How to complete this task: Would you please give every entry again exactly, without the pictures?

Data for this exercise section start

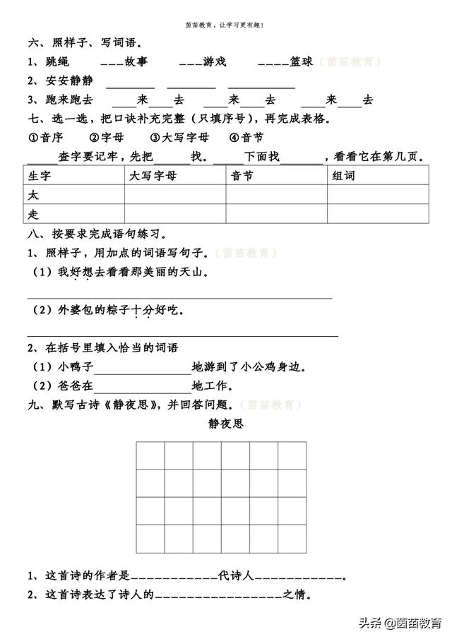 九、默写古诗《静夜思》,并回答问题。
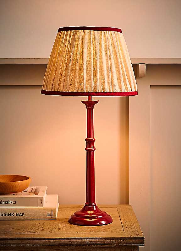 Clara is all about bringing warmth and elegance to your home. With a bold base in black or burgundy and a pleated shade trimmed to match, this lamp is a stylish way to add a soft, inviting glow. Its classic design feels timeless, while the colour options give it a playful twist. Perfect for bedside tables, hallway consoles, or living room corners, Clara turns any spot into a cosy, welcoming space you will love.Bulb Required: SES E14Bulb not includedWood, Fabric - LinenDimensions approx. 56H x 18W x 18D cm
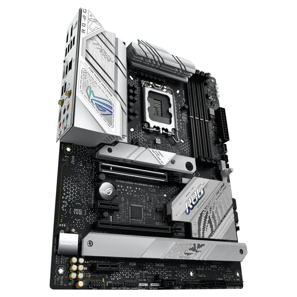 ASUS ROG STRIX B760-A GAMING WIFI. Processor manufacturer: Intel, Processor socket: LGA 1700, Compatible processor series: Intel® Celeron®, Intel® Pentium® Gold, Intel® Core™ i3, Intel® Core™ i5, Intel® Core™.... Supported memory types: DDR5-SDRAM, Maximum internal memory: 128 GB, Memory slots type: DIMM. Supported storage drive interfaces: M.2, SATA III, Supported storage drive types: HDD & SSD, RAID levels: 0, 1, 5, 10. Ethernet interface type: 2.5 Gigabit Ethernet, Top Wi-Fi standard: Wi-Fi 6E (802.11ax), Wi-Fi standards: 802.11a, 802.11b, 802.11g, Wi-Fi 4 (802.11n), Wi-Fi 5 (802.11ac), Wi-Fi 6 (802.11ax), Wi-Fi 6E.... Component for: PC, Motherboard form factor: ATX, Motherboard chipset family: Intel
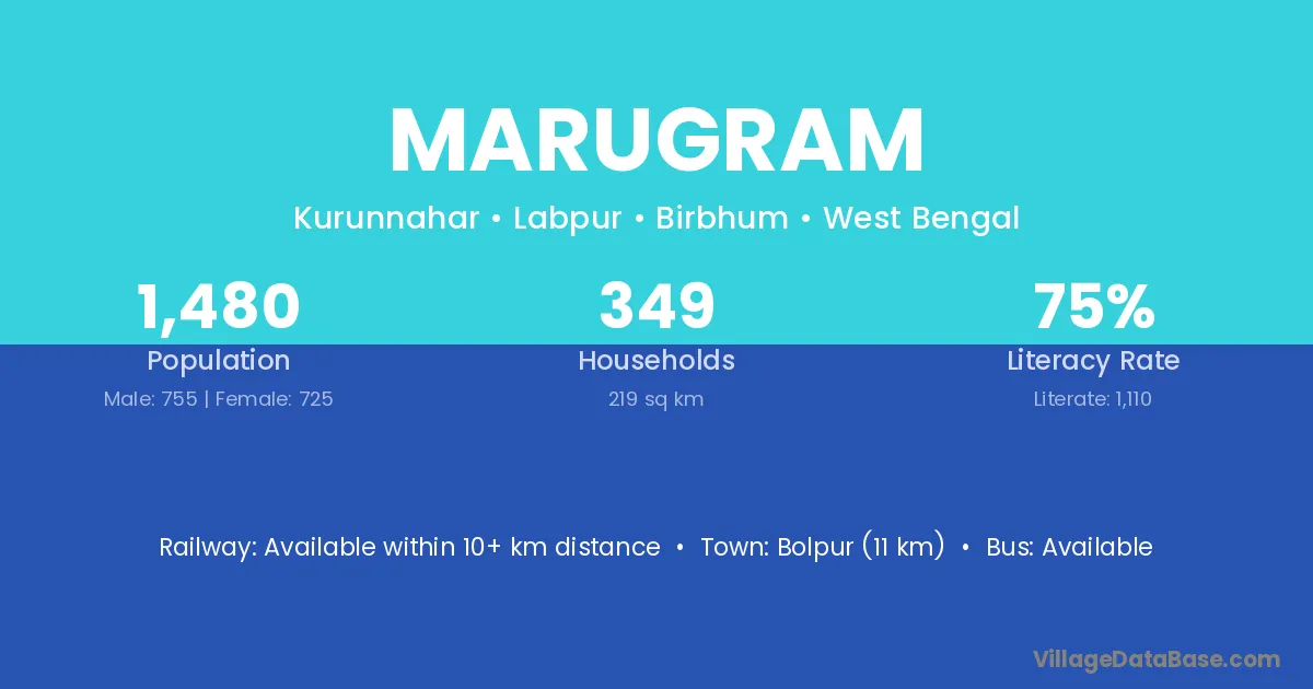 Bolpur (11 km) is the nearest town to Marugram village for major economic activities and is located approximately 11 km away.
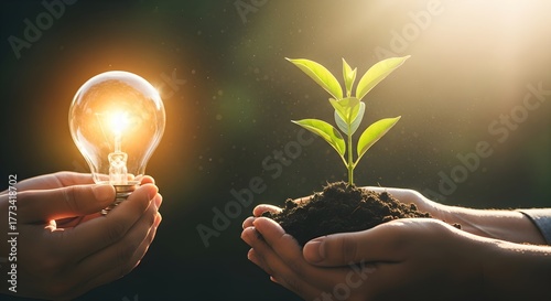 sustainability, ecology, energy, plant, light bulb, growth, hand, environment, nature, green, innovation, development, future, concept, eco, care, idea, technology, power, renewable, conservation, life, dirtied, germ bud, bright, earth, connection, protection, save, sunlight
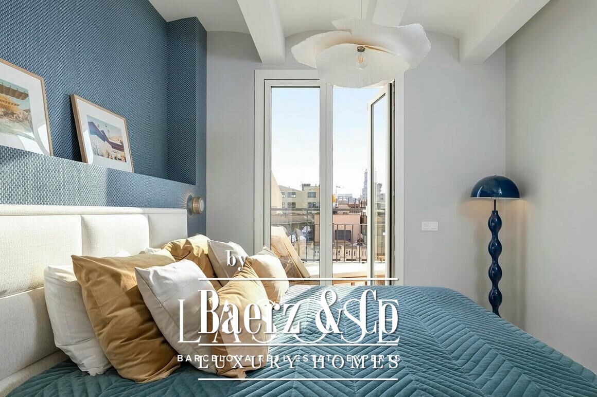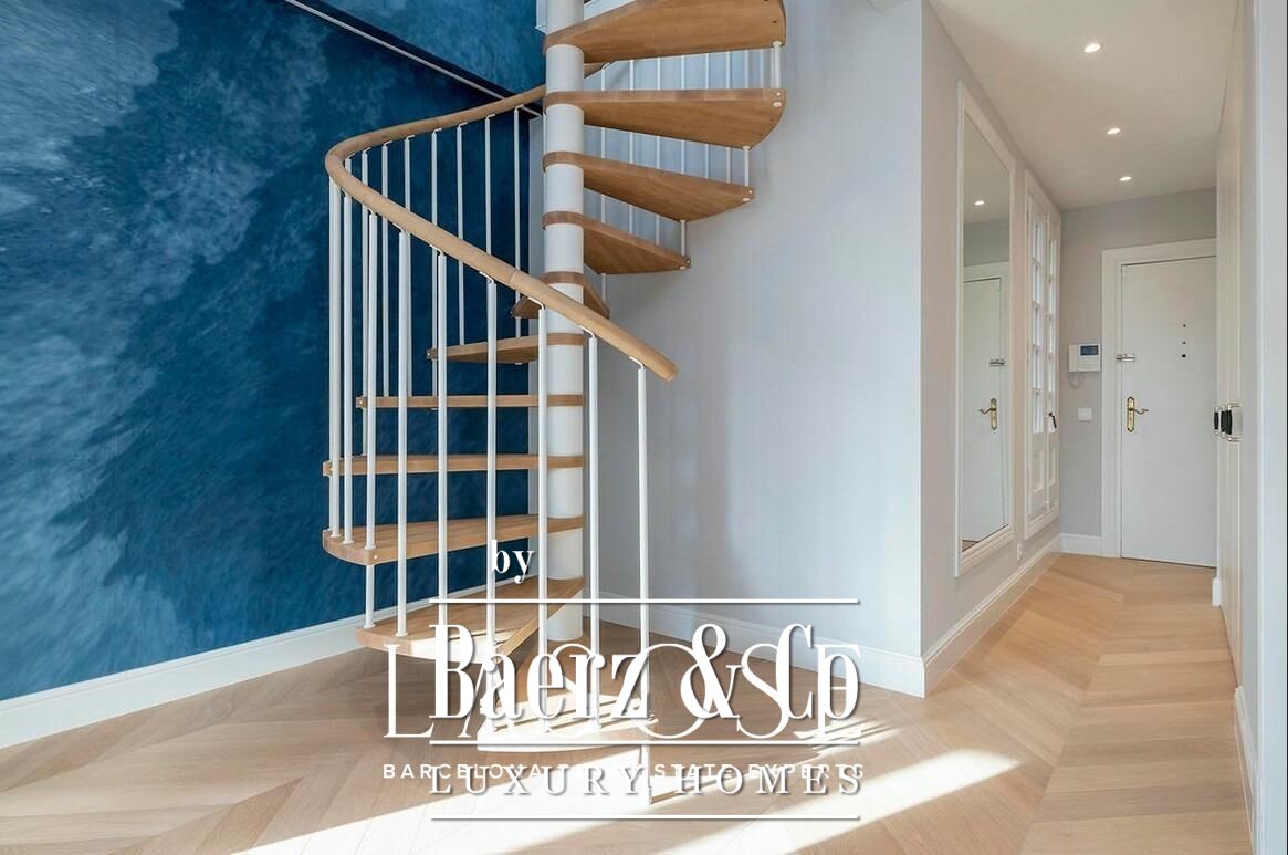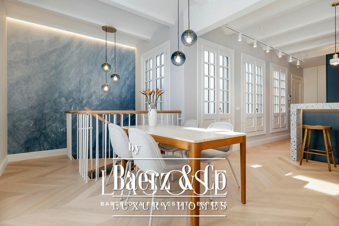 LASOSE presents next to the iconic former Ritz Hotel, this stunning 133 m² duplex penthouse is set within a beautifully preserved modernist building, featuring a majestic entrance hall and two original elevators that evoke timeless charm.. . Thoughtfully redesigned by Nobohome, the top floor (6th and final) serves as the day area, where a bright and spacious living-dining room flows effortlessly into a fully equipped open-plan kitchen. This space opens onto a 22 m² south-facing terrace — perfect for basking in the sun and enjoying panoramic views of the city.. . A stylish internal staircase connects to the lower floor (5th), dedicated to the night area. It features two bedrooms that share a sleek, contemporary bathroom, while the luxurious master suite boasts a walk-in closet and a private en-suite bathroom. All three bedrooms have direct access to an 18 m² balcony, enhancing natural light and a sense of openness.. . In the hallway, built-in wardrobes discreetly house the washer, dryer, and heat pump. For added convenience and flexibility, both floors are equipped with independent entrance doors.. . This exceptional penthouse seamlessly blends modern comfort with classic elegance — all in one of Barcelona’s most sought-after locations.

Data for this exercise section end

Response box:
 九、默写古诗《静夜思》,并回答问题。
 Clara is all about bringing warmth and elegance to your home. With a bold base in black or burgundy and a pleated shade trimmed to match, this lamp is a stylish way to add a soft, inviting glow. Its classic design feels timeless, while the colour options give it a playful twist. Perfect for bedside tables, hallway consoles, or living room corners, Clara turns any spot into a cosy, welcoming space you will love.Bulb Required: SES E14Bulb not includedWood, Fabric - LinenDimensions approx. 56H x 18W x 18D cm
 ASUS ROG STRIX B760-A GAMING WIFI. Processor manufacturer: Intel, Processor socket: LGA 1700, Compatible processor series: Intel® Celeron®, Intel® Pentium® Gold, Intel® Core™ i3, Intel® Core™ i5, Intel® Core™.... Supported memory types: DDR5-SDRAM, Maximum internal memory: 128 GB, Memory slots type: DIMM. Supported storage drive interfaces: M.2, SATA III, Supported storage drive types: HDD & SSD, RAID levels: 0, 1, 5, 10. Ethernet interface type: 2.5 Gigabit Ethernet, Top Wi-Fi standard: Wi-Fi 6E (802.11ax), Wi-Fi standards: 802.11a, 802.11b, 802.11g, Wi-Fi 4 (802.11n), Wi-Fi 5 (802.11ac), Wi-Fi 6 (802.11ax), Wi-Fi 6E.... Component for: PC, Motherboard form factor: ATX, Motherboard chipset family: Intel
 Bolpur (11 km) is the nearest town to Marugram village for major economic activities and is located approximately 11 km away.
 sustainability, ecology, energy, plant, light bulb, growth, hand, environment, nature, green, innovation, development, future, concept, eco, care, idea, technology, power, renewable, conservation, life, dirtied, germ bud, bright, earth, connection, protection, save, sunlight
 LASOSE presents next to the iconic former Ritz Hotel, this stunning 133 m² duplex penthouse is set within a beautifully preserved modernist building, featuring a majestic entrance hall and two original elevators that evoke timeless charm.. . Thoughtfully redesigned by Nobohome, the top floor (6th and final) serves as the day area, where a bright and spacious living-dining room flows effortlessly into a fully equipped open-plan kitchen. This space opens onto a 22 m² south-facing terrace — perfect for basking in the sun and enjoying panoramic views of the city.. . A stylish internal staircase connects to the lower floor (5th), dedicated to the night area. It features two bedrooms that share a sleek, contemporary bathroom, while the luxurious master suite boasts a walk-in closet and a private en-suite bathroom. All three bedrooms have direct access to an 18 m² balcony, enhancing natural light and a sense of openness.. . In the hallway, built-in wardrobes discreetly house the washer, dryer, and heat pump. For added convenience and flexibility, both floors are equipped with independent entrance doors.. . This exceptional penthouse seamlessly blends modern comfort with classic elegance — all in one of Barcelona’s most sought-after locations.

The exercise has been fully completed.